Most notable, or rather unexpected, is the speed of rising interest rates in the US, has been outpacing other developed economies. If a country’s rugby performance were to have a high correlation with the pace of rising interest rates for government borrowings, we would not have missed USA in the world cup this year. US interest rates has pushed the yield to maturity of global government bond portfolio, as represented by FTSE World Government Bond Index (WGBI) in Table 1, from 1.5% back a decade ago, into 3.7% as of September 2023. Table 1 provides the level of interest rates and weight for countries in WGBI.
Table 1. WGBI Profiles
|Countries||Market Value (USD Million)||% Market Weight||Yield to Maturity||Effective Duration||World Rugby Ranking*|
|United Kingdom||1,053,138||4.37||4.55||9.56||Scotland (5), England (6), Wales (8)|
Source: FTSE Fixed Income Index, World Rugby. * World Rugby ranking is as of 18 September. ** South Africa was in WGBI from 2012 to 2020. Past performance is no guarantee of future performance. Data shown represents hypothetical, historical performance. Please see the end for important legal disclosures.
On one hand, from yield to maturity perspective, a decade ago, Australian commonwealth government bonds had 150-200 bps yield advantage over the WGBI, whereas it’s been narrowed down tremendously since 2019, and it’s now only 40 bps higher than WGBI in Sep 2023 (Chart 1). On the other hand, from FX perspective, the depreciating AUD is eroding the return for AUD investors who holds domestic assets. Chart 2 shows the AUD has depreciated 12% against EUR and 32% against USD respectively since 2013. Other than rugby, it is time to conduct a review of our investment strategy in global stage.
Chart 1. Historical yield of Australian government vs WGBI - Yield of Australian Govt. Bond Index vs WGBI
Chart 2. Historical AUD/EUR and AUD/USD FX Rates
While the table above illustrates government bonds, we understand that majority of Australian investors is benchmarked against a broader global bond index, including global credits as well as emerging countries bond markets.
Chart 3 compares WGBI and the broader global bond index including credit: World Broad Investment Grade Index (WorldBIG). It illustrates that a decade back, taking an exposure into global credit would have provided a significant yield pick-up relative to global government bonds. Given the current global government bonds provides 3.7% yield, the additional 50-60 bps pick-up from exposures into global credit only constitutes around 15% higher yield relative to what government bond portfolio can provide. Institutions should question whether additional resources for credit research, credit risk management as well as additional management fees (if using external managers) would justify the yield enhancements from credit risk exposures. We have seen investors globally are shifting their “core” global fixed income allocation into global government bonds, utilising lower cost passive funds or ETF vehicles tracking WGBI, while at the same time allocating their risk budget into more aggressive yield chaser strategy such as high-yield or even private credits.

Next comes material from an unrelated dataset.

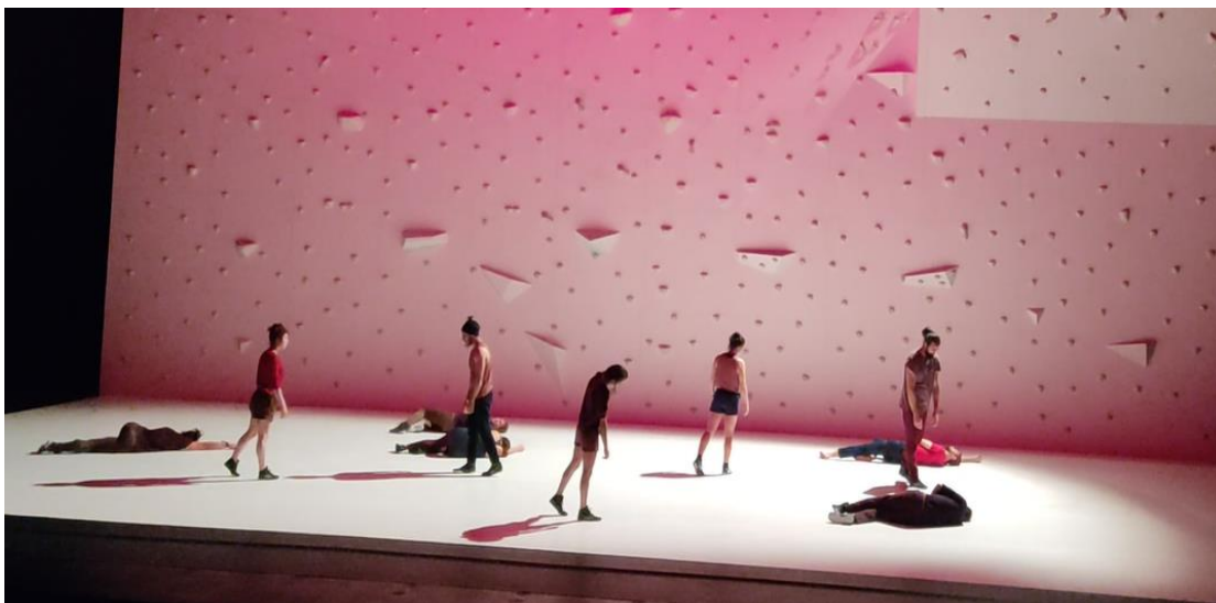
Figure 16 © Danaï Papadopoulou, Dernière séquence pendant le filage , Annecy, mai 2021.

Tous les performeurs marchent ensemble en déséquilibre sur le plateau comme s'ils cherchaient à s'orienter dans l'espace. Ils s'allongent tous par terre sauf Yamil Falvella et Airelle Caen. Le porteur traverse lentement le plateau vers la sortie pendant que les autres performeurs le suivent progressivement. Seule la voltigeuse reste sur la surface blanche, comme si elle était perdue. La musique se fond petit à petit et Airelle Caen s'éloigne dans le silence sous une lumière qui s'éteint.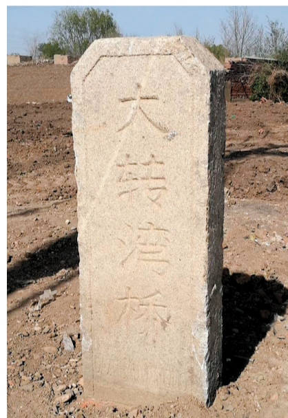
位于沈阳市于洪区,大御路在此转弯。

Chart 3. Historical Yield of WGBI vs WorldBIG
In terms of diversification across local currency government bonds, we also would want to look at weight and level of interest rates across developed and emerging government bond markets. Chart 4 provides comparison between WGBI and FTSE Emerging Markets Government Bond Index (EMGBI). Similar to our earlier discussion on global credits, investors would need to ask how much exposure in emerging markets that would provide optimal yield enhancement and diversification benefits as opposed to additional risk and investment cost from exposure in emerging markets. While we are yet to see China in rugby world scene, it has become increasingly important bond markets. As a reminder, FTSE Fixed Income Index has a robust governance process of country classification, and only countries with the “gold” standard would be included in flagship WGBI. WGBI only started to include China Government Bond into WGBI from October 2021, with gradual increase of weight over 36 months. As of September 2023, China weight in WGBI at 5.89% (Table 1) is roughly still a 2/3 of its potential full weight. Other index provider may have included China earlier and reaching full inclusion, and China weight in broad index is even much higher after adding up the non-government portion of China local currency bonds. At current global interest rates regime, while ones can think of diversification benefit, China yield has been less attractive compared to US (2.47% vs 4.71% as in Table 1). Taking a balance of diversification versus expected yield, Investors may take tactical allocation approach into China, where available ETF tracking FTSE China Government Bond Index will serve well as lower cost vehicle for this purpose.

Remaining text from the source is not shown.